> What to work on
Quote only the span from the first line of the entries to the line containing "Page 39-4 Muddy", both ends kept. Leave every picture out.

***** Available data *****

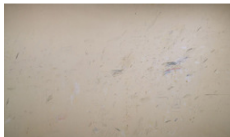
Fig.1 Cy Twombly The Age of Alexander 1959–60 The Menil Collection, Houston © Cy Twombly
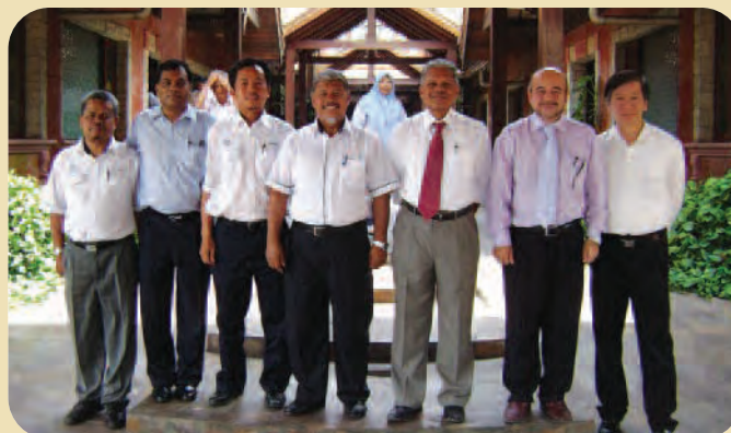
Group photo taken at De' Chiangmai Restaurant
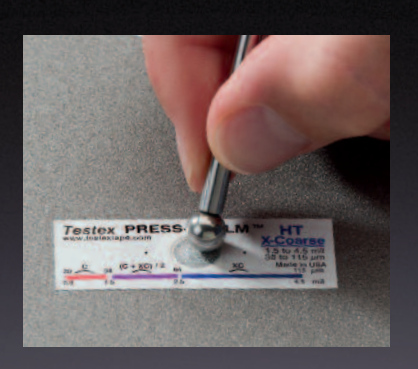
For use with Testex™ Press-O-Film™ Replica Tape

Digital spring micrometer measures and records peak to valley surface profile height using replica tape
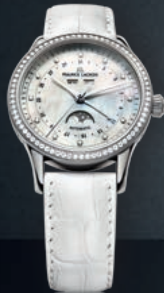
N°142.1 PHASES DE LUNE LC6057-SD501-17E Automatic movement, Ø 38 mm stainless steel diamond set case.

The perfectly proportioned Les Classiques displays a pure natural beauty. The timeless craftsmanship displays an elegant purity, whilst the choice of bezels adds a touch of dazzling glamour.
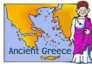
The Legacy of Ancient Greece

Ancient Greece Legacy, The Important Legacy of Greece
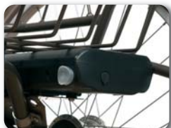
BAT 9 - BAT 13 - Extra battery E-bike (9A or 13A)
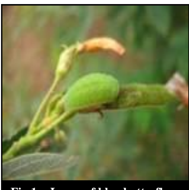
Fig 1 : Larva of blue butterfly

Planting of castor or tall sorghum/maize varieties on borders for conserving natural enemies.
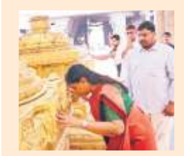
Home Minister Anitha visits Tirumala
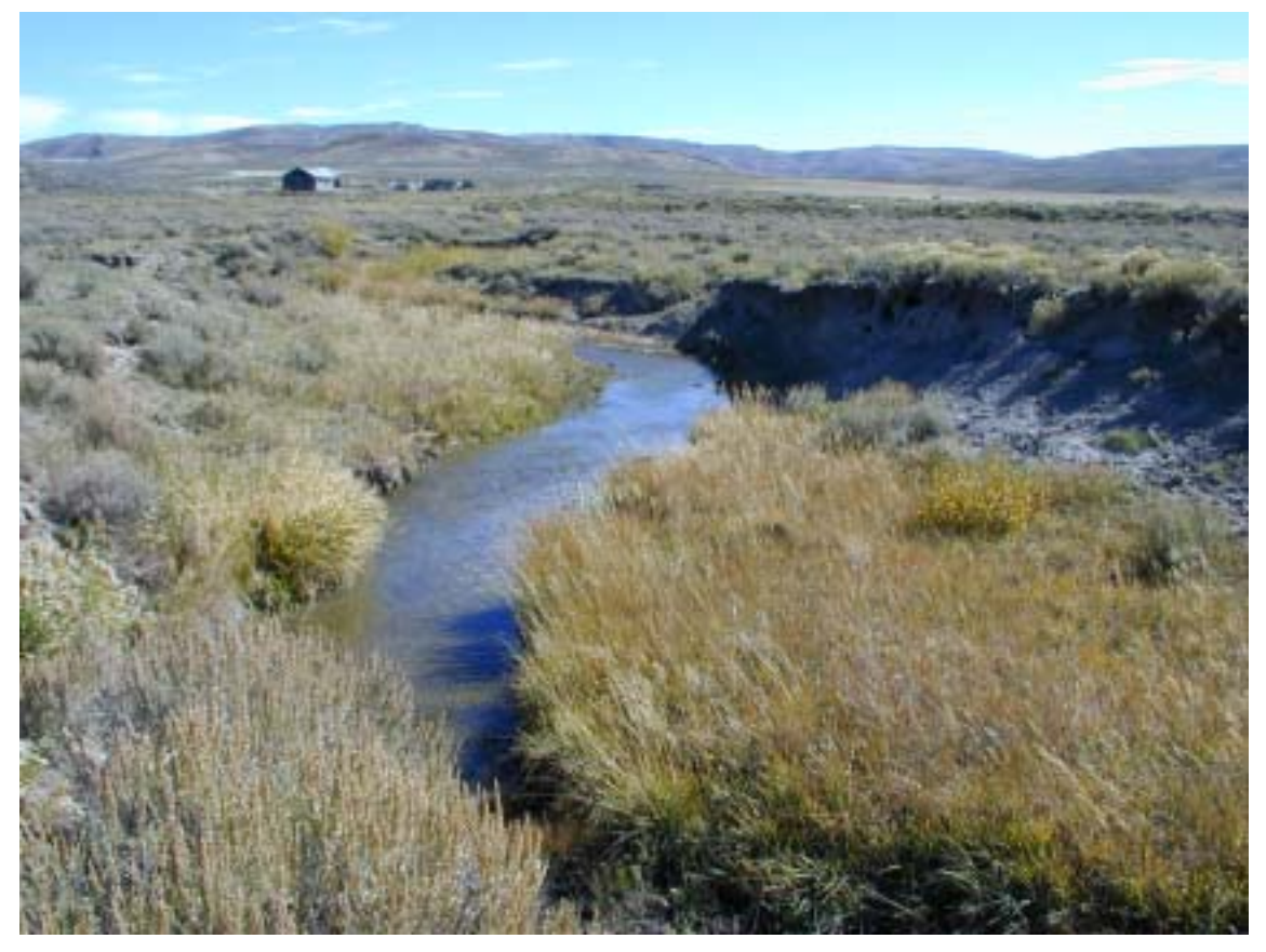
Page 39-4 Muddy Creek in the Sulphur Springs allotment, 2002
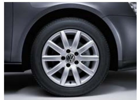
16-inch "Toronto" alloy wheels
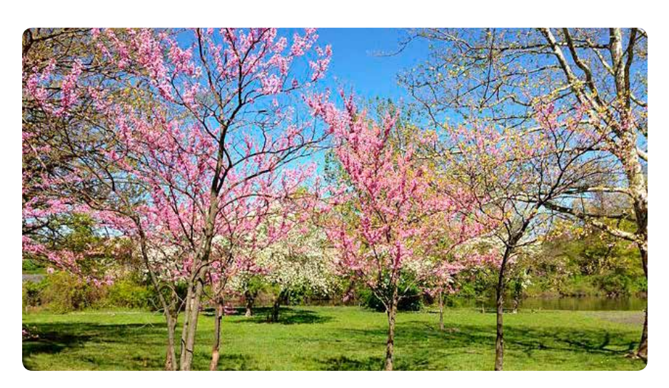
ornamental trees + seasonal interest
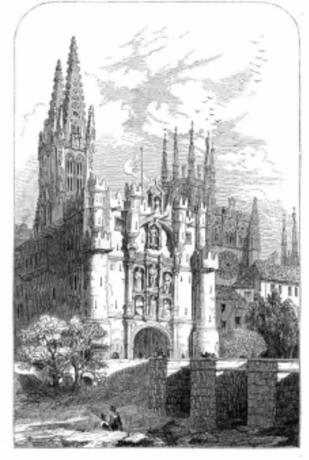
PUERTA DE SANTA MARIA.
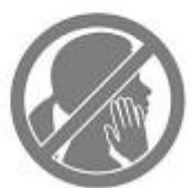
DON'T TOUCH YOUR FACE
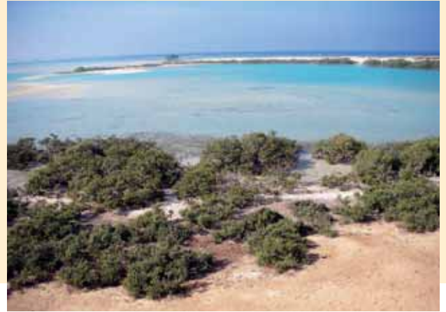
Figure 8 The mangrove reserve at the Red Sea shore

second place on the female side were things relating to personal adornment and to the traditional house, the beyt bursh . The Ababda live in mat houses called beyt bursh that can be compared to other nomadic traditions in north and east Africa, such as the Tuareg and the Affar.
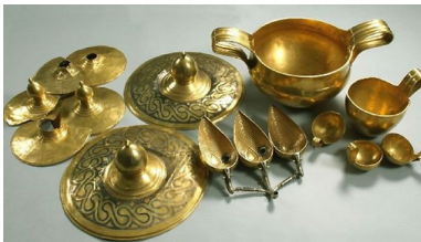
The Gold Treasure of Valchitran

Bulgaria is officially a member of the EU since 1st January 2007 and a full member of NATO.
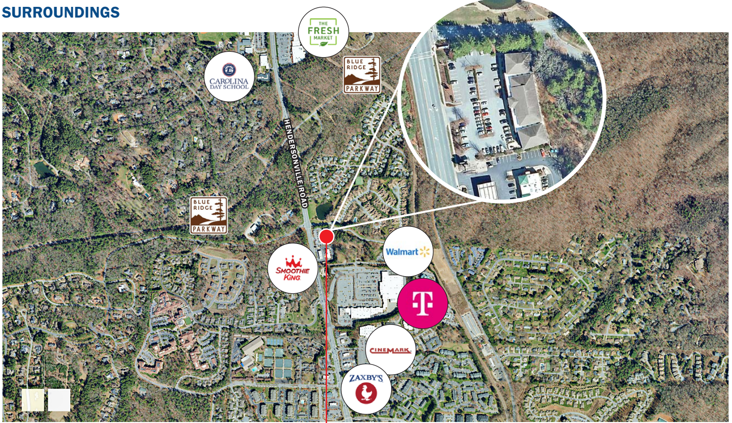
MAP CREDIT: NOAA
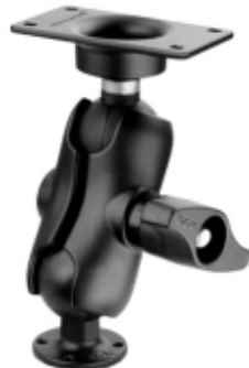
RAM-D-101U-C-243 RAM MOUNT WITH D-243, D-201-C, D-254 & SHORT ARM
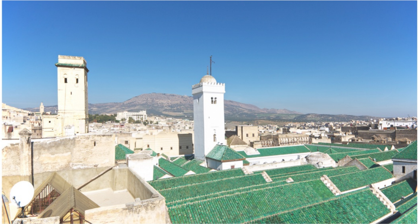
Al-Karaouine (Al-Qarawiyyin) University, Fez, Morocco

The scientific method, which constitutes the basis of modern research, originated from the works of a Muslim scholar. Ibn Al-Haytham, commonly known as Al-Hazen, pioneered the process of testing hypotheses and verifying results through observation and experimentation. His innovative and methodical approach which emphasized creative and critical thinking, predates Renaissance scientists by nearly five centuries.
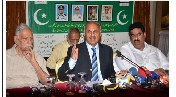
RAWALPINDI: President Ex-Servicemen Society Rtd Gen Abdul Qayyum Abdul Qayyum addressing during a ceremony title Pakistan Day.

The finance minister also revealed that a minister from the previous government had caused harm to Pakistan International Airlines (PIA). He asserted that reforms were being implemented to enhance aviation.
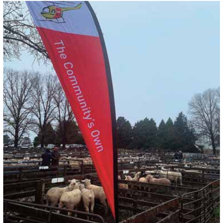
The donated lambs were auctioned at last week's Guyra sheep sale

There is still an opportunity to support this great cause, with an auction of donated items being held at the Royal Hotel on Friday July 15th starting at 7pm. They will also be drawing the winner of the wood raffle on the
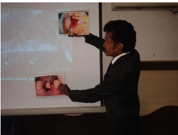
Delivering the Distinguished 'The Kruger Bone Grafting Oration'
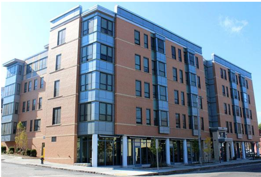
Dudley Greenville Apartments (Completed in 2014)

*****

> Response to the task
Fig.1 Cy Twombly The Age of Alexander 1959–60 The Menil Collection, Houston © Cy Twombly
Group photo taken at De' Chiangmai Restaurant
For use with Testex™ Press-O-Film™ Replica Tape

Digital spring micrometer measures and records peak to valley surface profile height using replica tape
N°142.1 PHASES DE LUNE LC6057-SD501-17E Automatic movement, Ø 38 mm stainless steel diamond set case.

The perfectly proportioned Les Classiques displays a pure natural beauty. The timeless craftsmanship displays an elegant purity, whilst the choice of bezels adds a touch of dazzling glamour.
The Legacy of Ancient Greece

Ancient Greece Legacy, The Important Legacy of Greece
BAT 9 - BAT 13 - Extra battery E-bike (9A or 13A)
Fig 1 : Larva of blue butterfly

Planting of castor or tall sorghum/maize varieties on borders for conserving natural enemies.
Home Minister Anitha visits Tirumala
Page 39-4 Muddy Creek in the Sulphur Springs allotment, 2002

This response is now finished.